Directions for this task: Transcribe the listing that follows in full, omitting pictures.

Data excerpt:
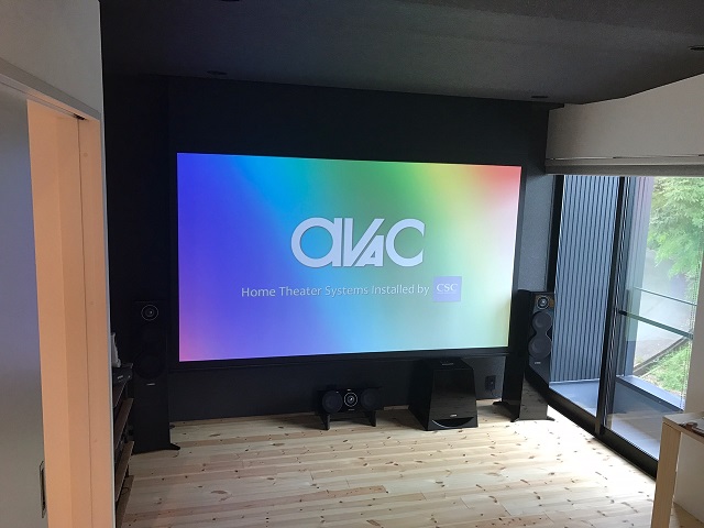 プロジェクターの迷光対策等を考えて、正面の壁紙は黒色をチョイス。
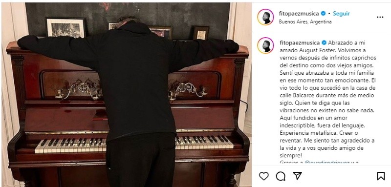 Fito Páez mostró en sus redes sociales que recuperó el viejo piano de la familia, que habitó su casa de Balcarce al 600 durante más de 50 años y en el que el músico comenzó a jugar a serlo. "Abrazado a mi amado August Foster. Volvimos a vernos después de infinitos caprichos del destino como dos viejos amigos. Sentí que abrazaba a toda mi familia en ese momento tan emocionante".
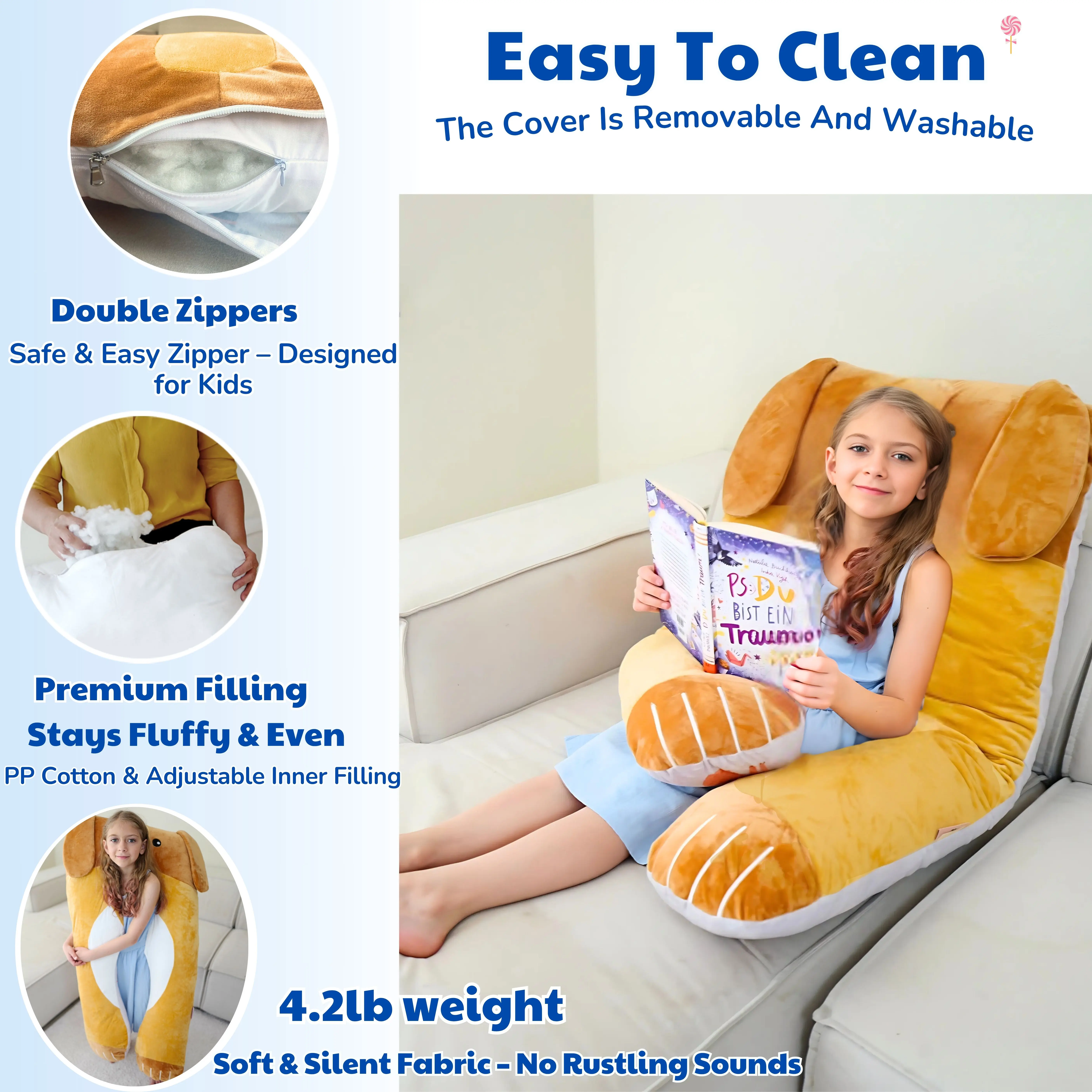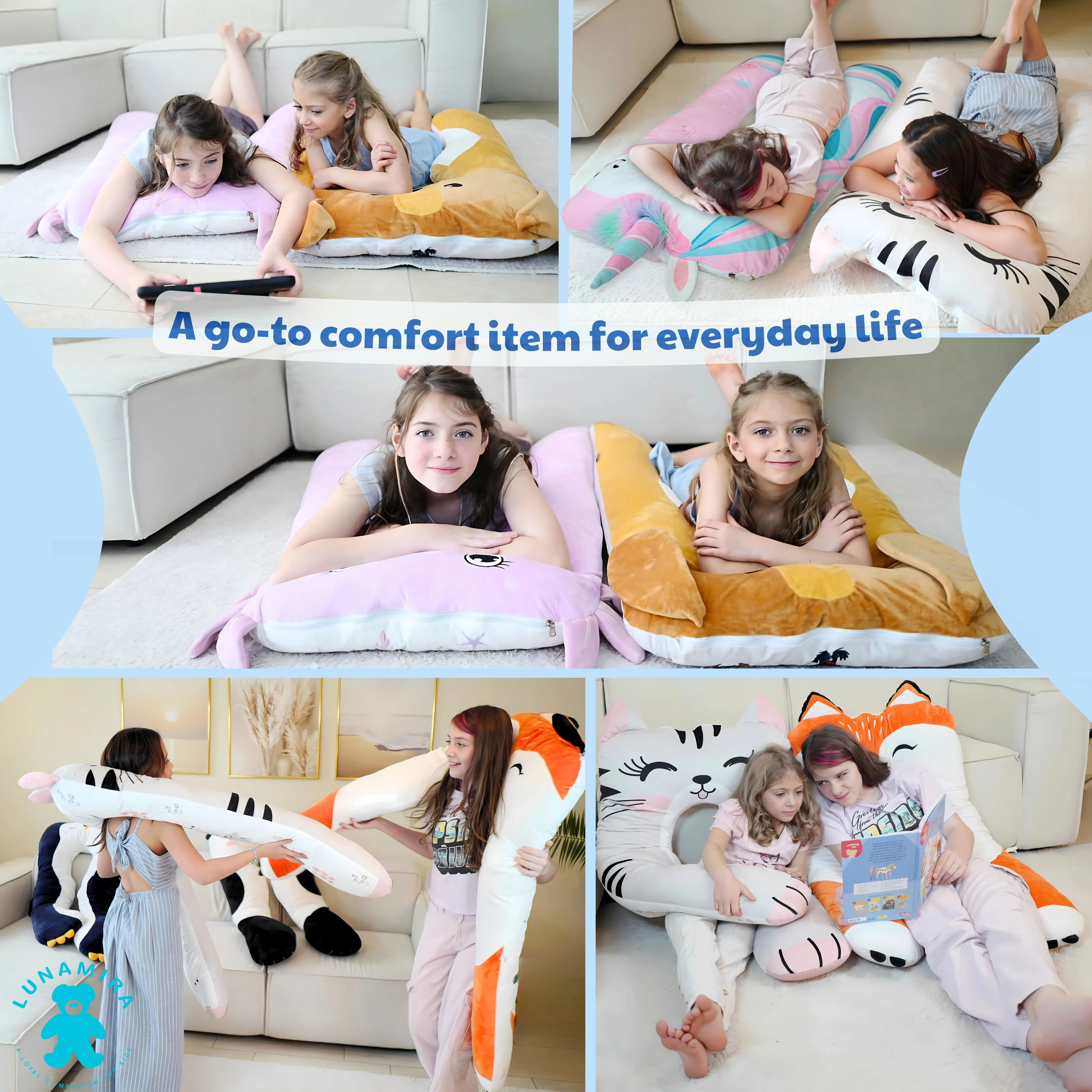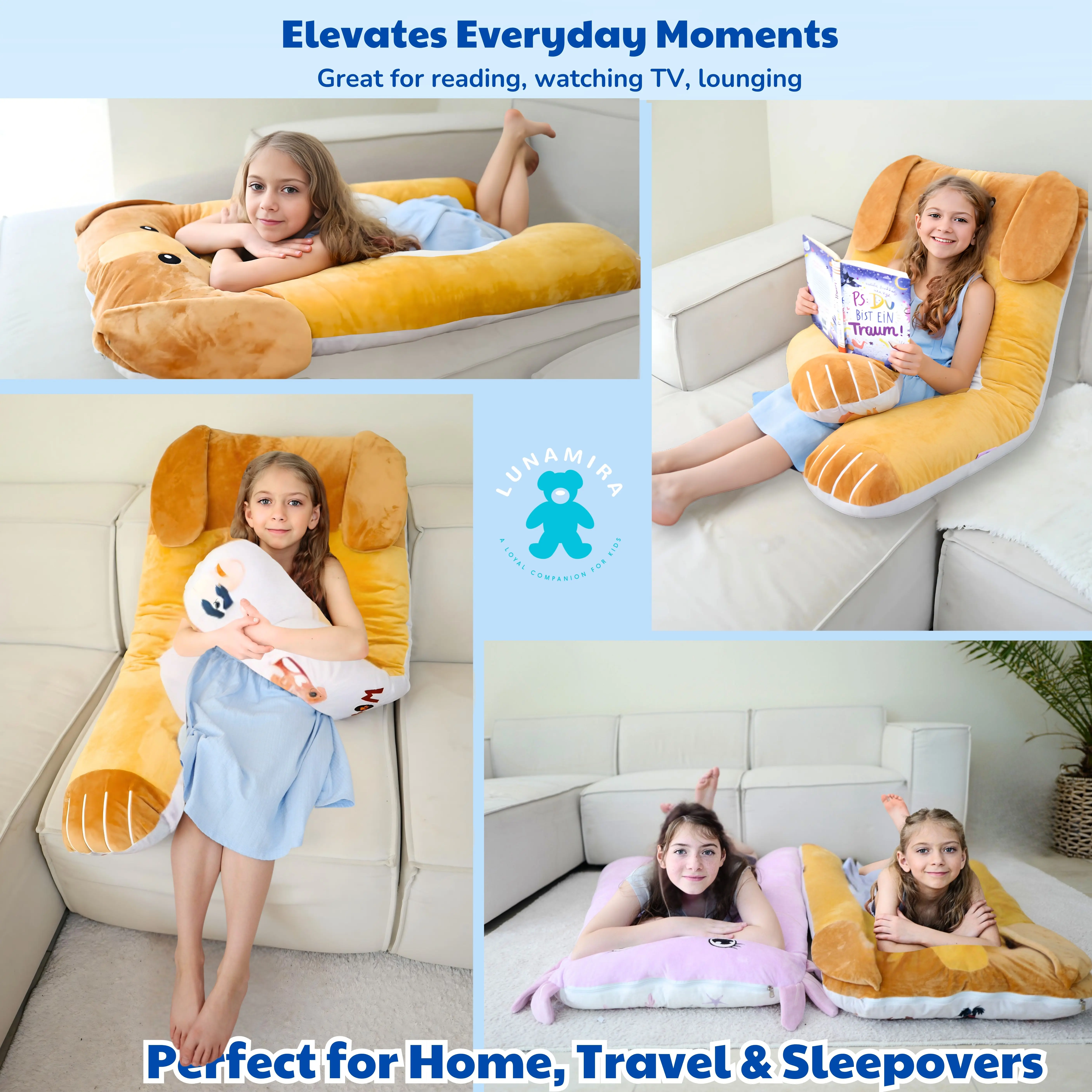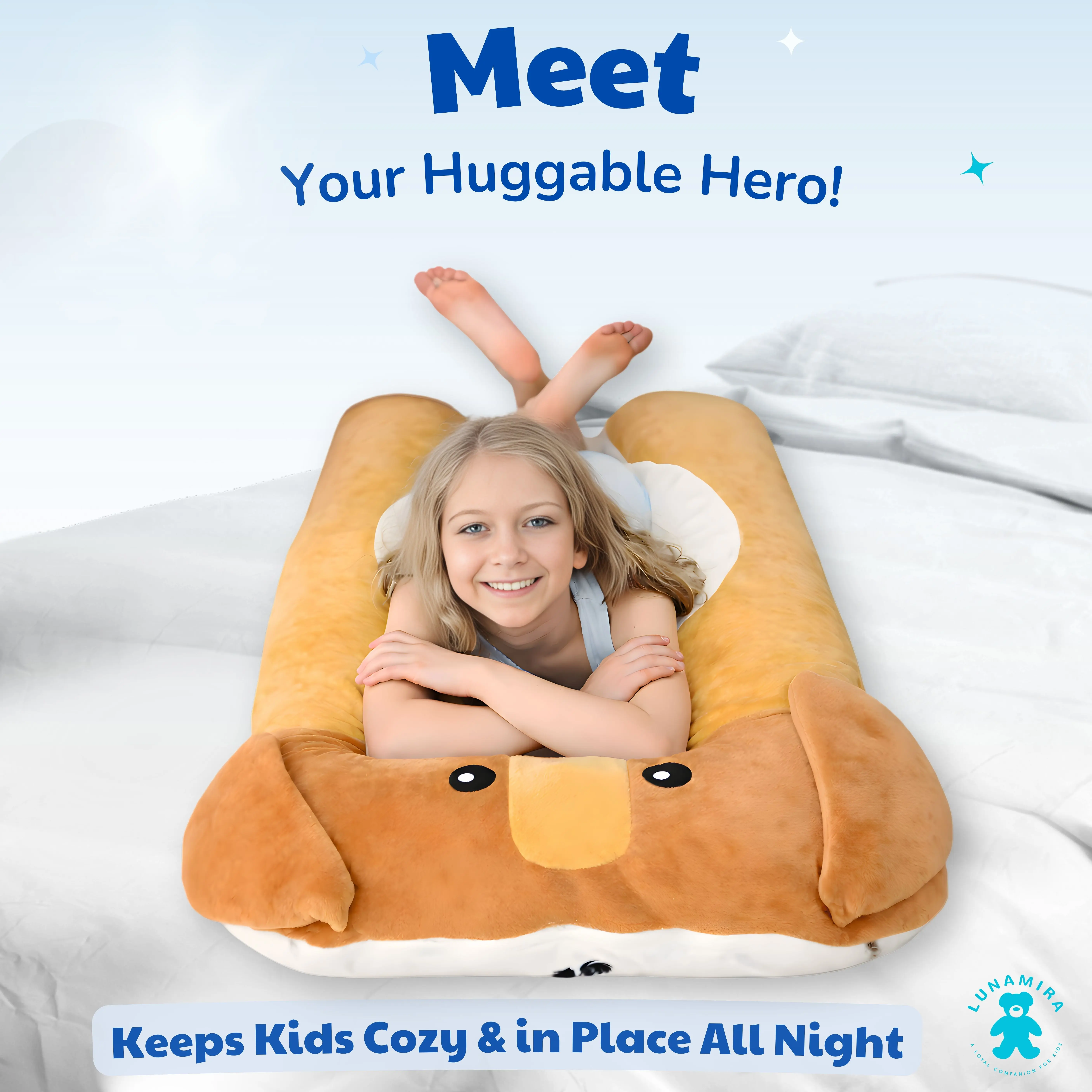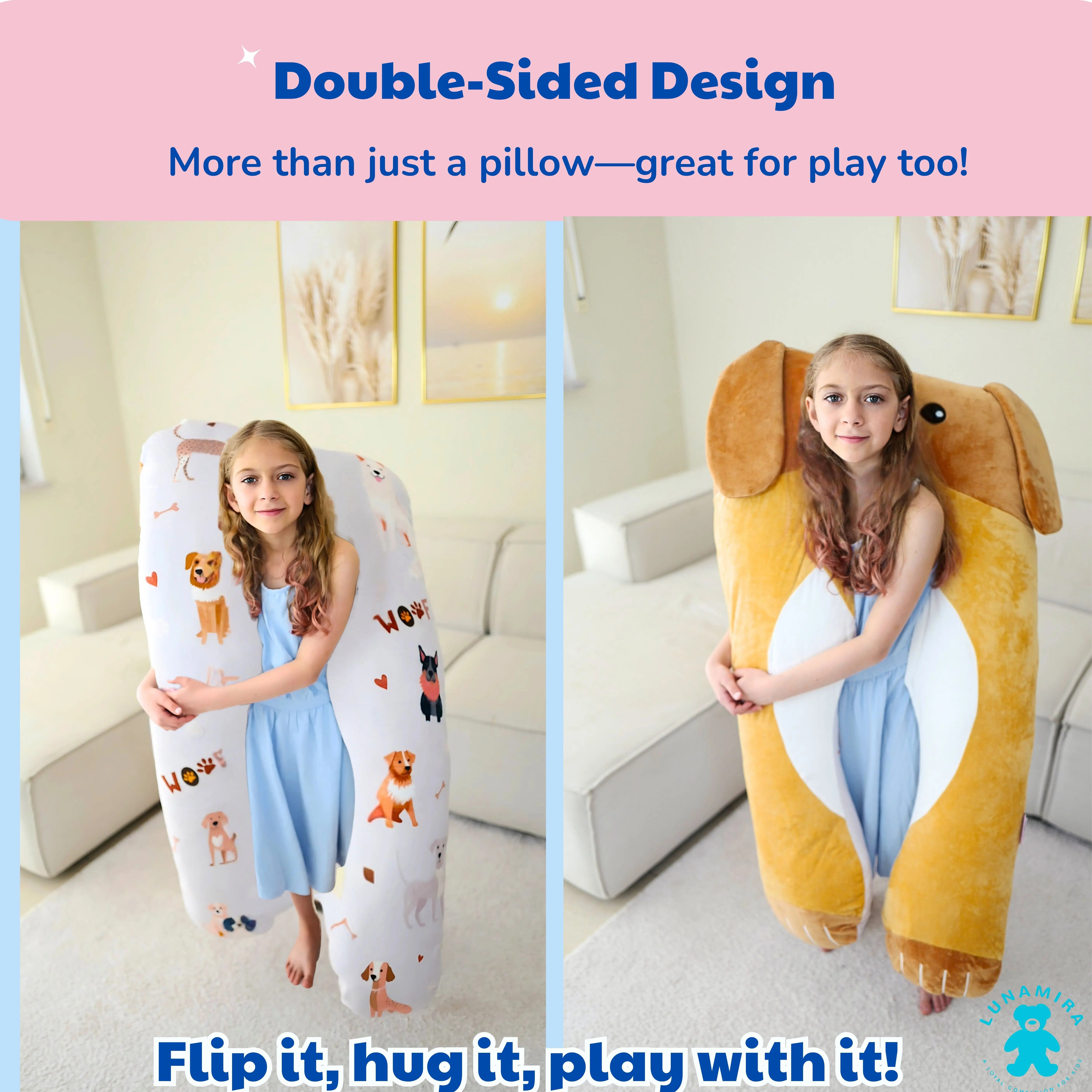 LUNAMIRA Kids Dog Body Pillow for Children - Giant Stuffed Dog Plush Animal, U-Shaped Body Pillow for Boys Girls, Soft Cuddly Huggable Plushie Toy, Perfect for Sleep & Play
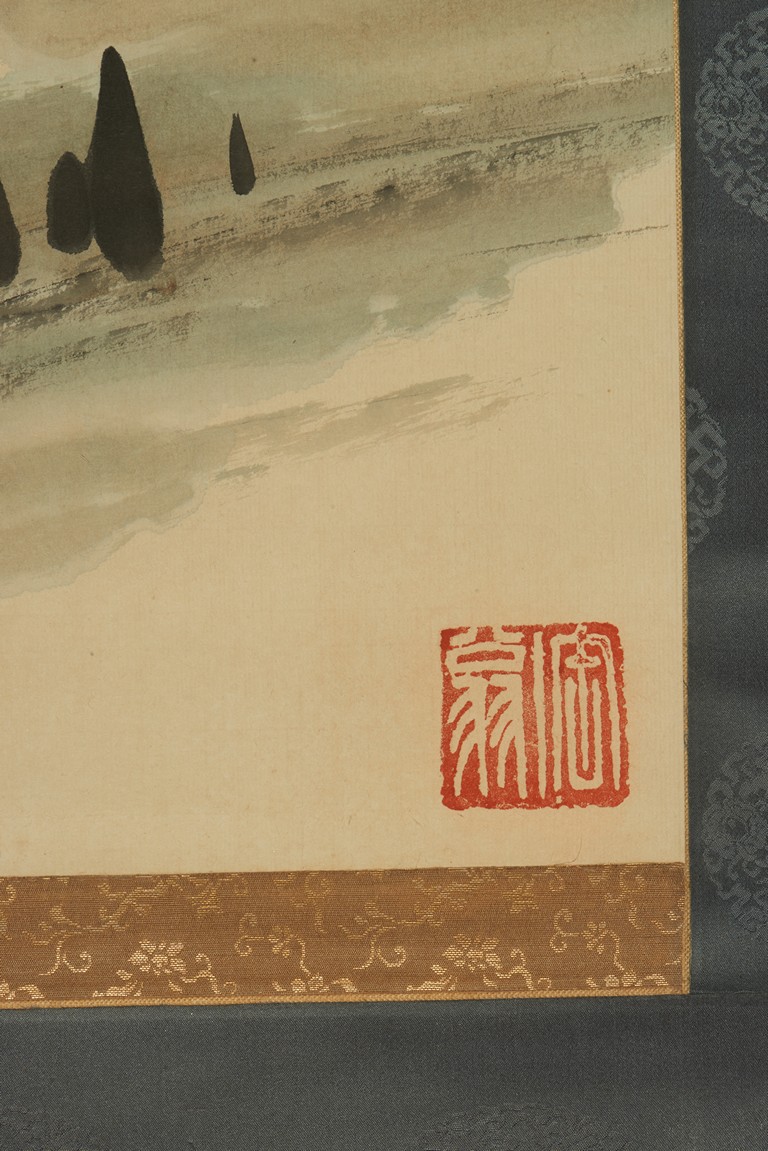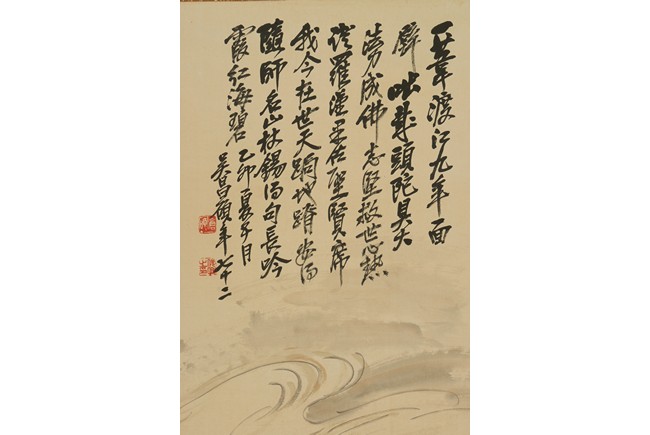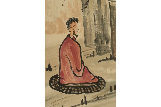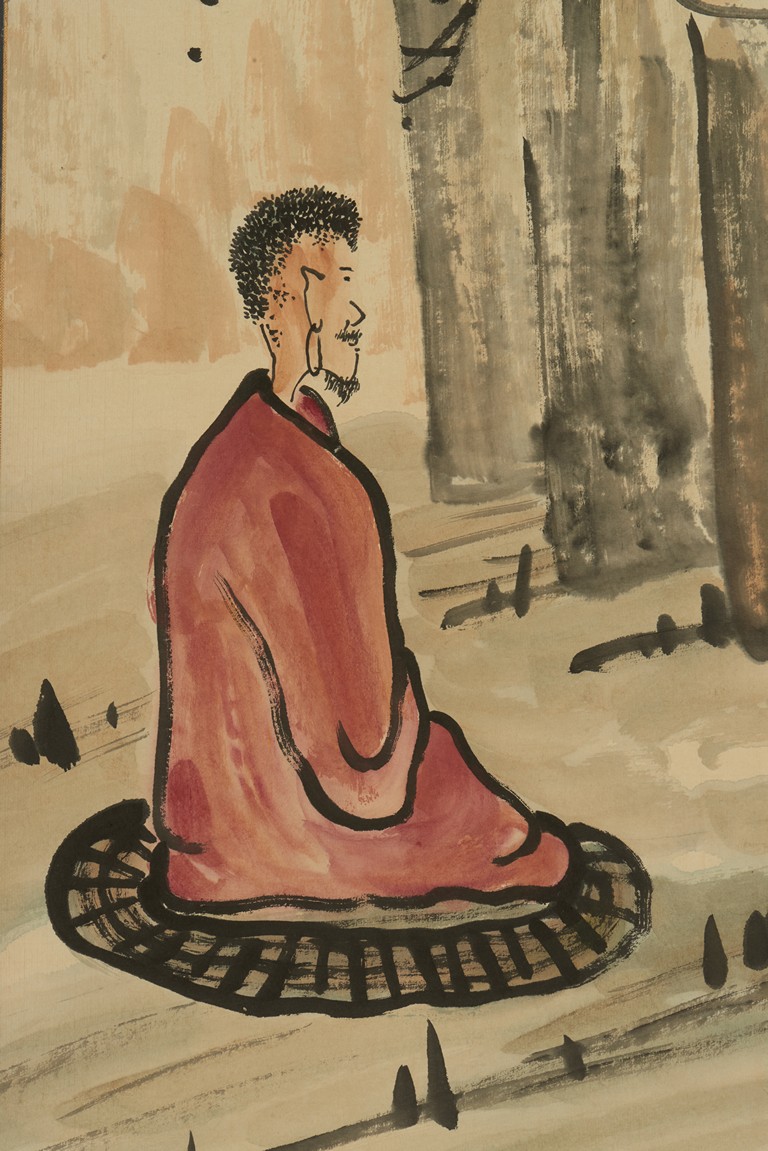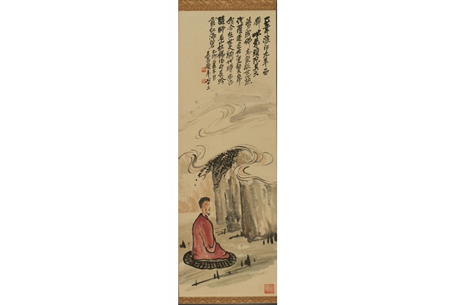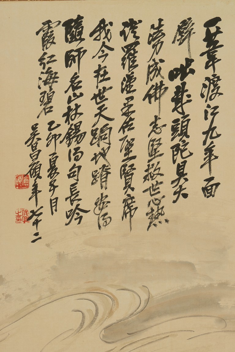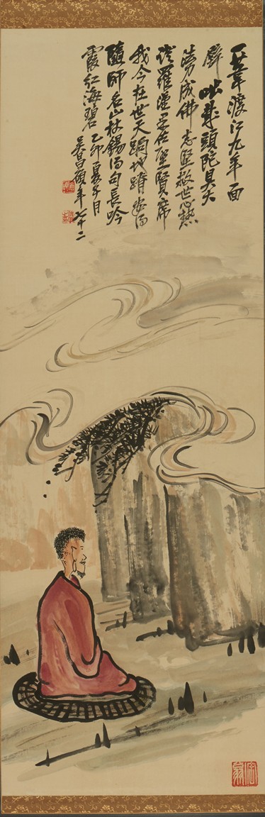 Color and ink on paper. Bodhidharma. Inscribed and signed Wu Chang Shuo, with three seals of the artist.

Completed task:
 プロジェクターの迷光対策等を考えて、正面の壁紙は黒色をチョイス。
 Fito Páez mostró en sus redes sociales que recuperó el viejo piano de la familia, que habitó su casa de Balcarce al 600 durante más de 50 años y en el que el músico comenzó a jugar a serlo. "Abrazado a mi amado August Foster. Volvimos a vernos después de infinitos caprichos del destino como dos viejos amigos. Sentí que abrazaba a toda mi familia en ese momento tan emocionante".
 LUNAMIRA Kids Dog Body Pillow for Children - Giant Stuffed Dog Plush Animal, U-Shaped Body Pillow for Boys Girls, Soft Cuddly Huggable Plushie Toy, Perfect for Sleep & Play
 Color and ink on paper. Bodhidharma. Inscribed and signed Wu Chang Shuo, with three seals of the artist.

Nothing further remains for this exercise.